In the wake of the shootings in Tucson, Ariz., the familiar questions inevitably resurfaced: Are communities where more people carry guns safer or less safe? Does the availability of high-capacity magazines increase deaths? Do more rigorous background checks make a difference?
The reality is that even these and other basic questions cannot be fully answered, because not enough research has been done. And there is a reason for that: Scientists in the field and former officials with the government agency that used to finance the great bulk of this research agree in saying that the influence of the National Rifle Association has all but choked off money for such work.
"We've been stopped from answering the basic questions," said Mark Rosenberg, former director of the National Center for Injury Control and Prevention, part of the federal Centers for Disease Control and Prevention, which was for about a decade the leading source of financing for firearms research.
Chris Cox, the NRA's chief lobbyist, said his group had not tried to squelch genuine scientific inquiries, just politically slanted ones.
"Our concern is not with legitimate medical science," Mr. Cox said. "Our concern is they were promoting the idea that gun ownership was a disease that needed to be eradicated."
The amount of money available today for studying the impact of firearms is a fraction of what it was in the mid-1990s, and the number of scientists toiling in the field has dwindled to a handful as a result, according to researchers.
The dearth of money can be traced in large measure to a clash between public health scientists and the NRA in the mid-1990s. At the time, Dr. Rosenberg and others at the CDC were becoming increasingly assertive about the importance of studying gun-related injuries and deaths as a public health phenomenon, financing studies that found, for example, having a gun in the house, rather than conferring protection, significantly increased the risk of homicide by a family member or intimate acquaintance.
Alarmed, the NRA and its allies on Capitol Hill fought back. The injury center was guilty of "putting out papers that were really political opinion masquerading as medical science," said Mr. Cox, who also worked on this issue for the NRA more than a decade ago.
Initially, pro-gun lawmakers sought to eliminate the injury center completely, arguing its work was "redundant" and reflected a political agenda. When that failed, they turned to the appropriations process. In 1996, Rep. Jay Dickey, R-Ark., succeeded in pushing through an amendment that stripped $2.6 million from the disease control centers' budget, the very amount it had spent on firearms-related research the year before.
"It's really simple with me," Mr. Dickey, 71 and now retired, said in a telephone interview. "We have the right to bear arms because of the threat of government taking over the freedoms that we have."
The Senate later restored the money but designated it for research on traumatic brain injury.
Language was also inserted into the centers' appropriations bill that remains in place today: "None of the funds made available for injury prevention and control at the Centers for Disease Control and Prevention may be used to advocate or promote gun control."

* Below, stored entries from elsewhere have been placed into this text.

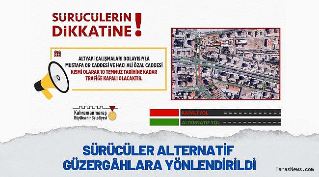 Kahramanmaraş Büyükşehir Belediyesi, KASKİ Genel Müdürlüğü ekipleri Onikişubat Mimar Sinan Mahallesi’nde bir dizi altyapı çalışması gerçekleştiriyor. Çalışmalar kapsamında alınan UKOME kararı doğrultusunda Alparslan Türkeş Bulvarı ile Mustafa Or Caddesi’nin kesişim noktasındaki kavşaktan itibaren Mustafa Or Caddesi istikametindeki yaklaşık 100 metrelik kısmın 10 Temmuz tarihine kadar trafiğe kapalı olacağı belirtildi. Yine alınan karar doğrultusunda Alparslan Türkeş Bulvarı ile Hacı Ali Özal Caddesi’nin kesişim noktasındaki kavşaktan itibaren Hacı Ali Özal Caddesi istikametindeki yaklaşık 200 metrelik kısmın tek şeridi 10 Temmuz tarihine kadar trafiğe kapalı olacak. Ulaşım Dairesi Başkanlığı’ndan karara ilişkin yapılan açıklamada, “Vatandaşlarımızın trafikte dikkatli olmaları ve alternatif güzergâhları tercih etmeleri önem arz etmektedir” ifadelerine yer verildi.
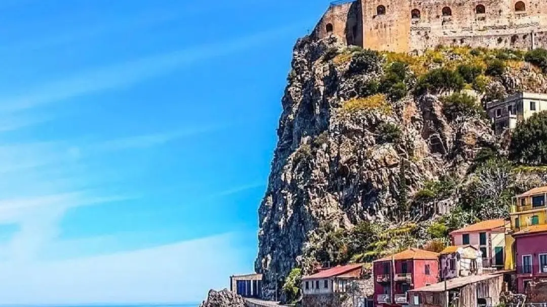 Un angolo di Scilla dove il tempo sembra fermarsi: una barchetta sulla riva, il castello che veglia dall’alto e l’azzurro che avvolge ogni cosa in una carezza silenziosa
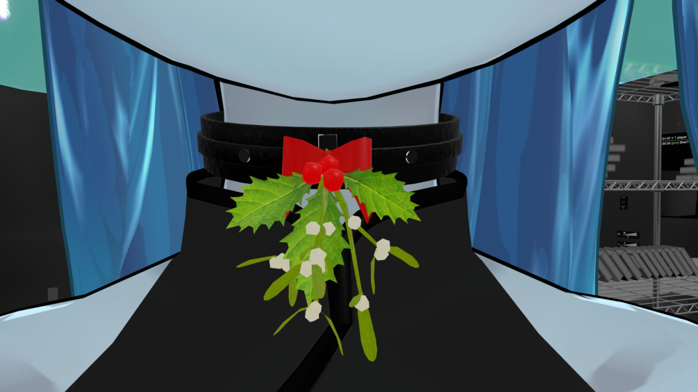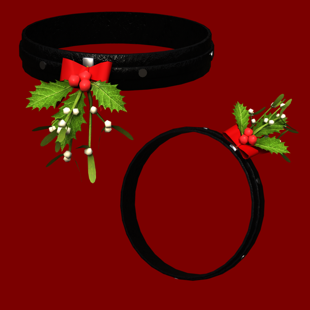 A leather Christmas collar with mistletoe and holly for VRChat, usable as an avatar asset. Includes textures for diffusion map, roughness map and normal map.
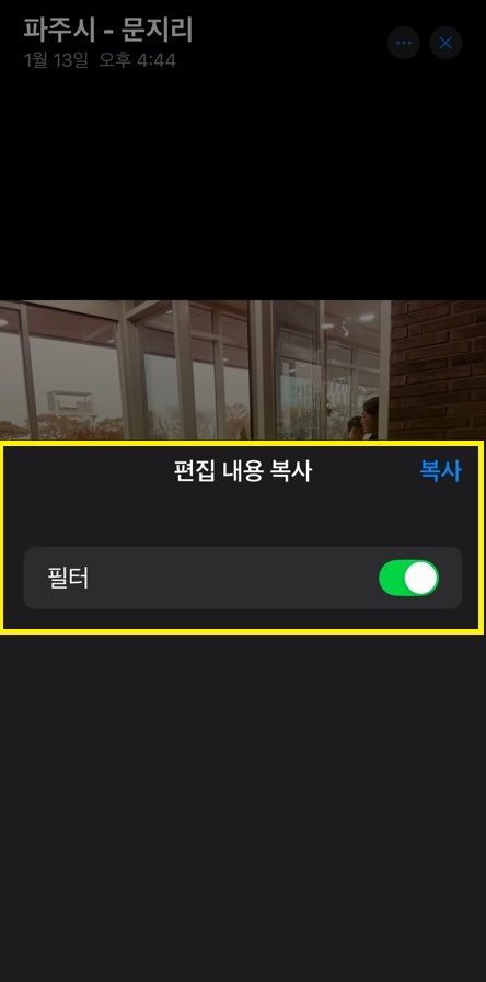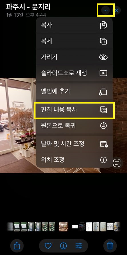 편집을 완료한 사진의 오른쪽 상단에 점 세 개 (···)를 클릭하면 아래에 [편집내용 복사] 메뉴가 있습니다.

The prohibition is striking, firearms researchers say, because there are already regulations that bar the use of CDC money for lobbying for or against legislation. No other field of inquiry is singled out in this way.
In the end, researchers said, even though it is murky what exactly is allowed under this provision and what is not, the upshot is clear inside the centers: The agency should tread in this area only at its own peril.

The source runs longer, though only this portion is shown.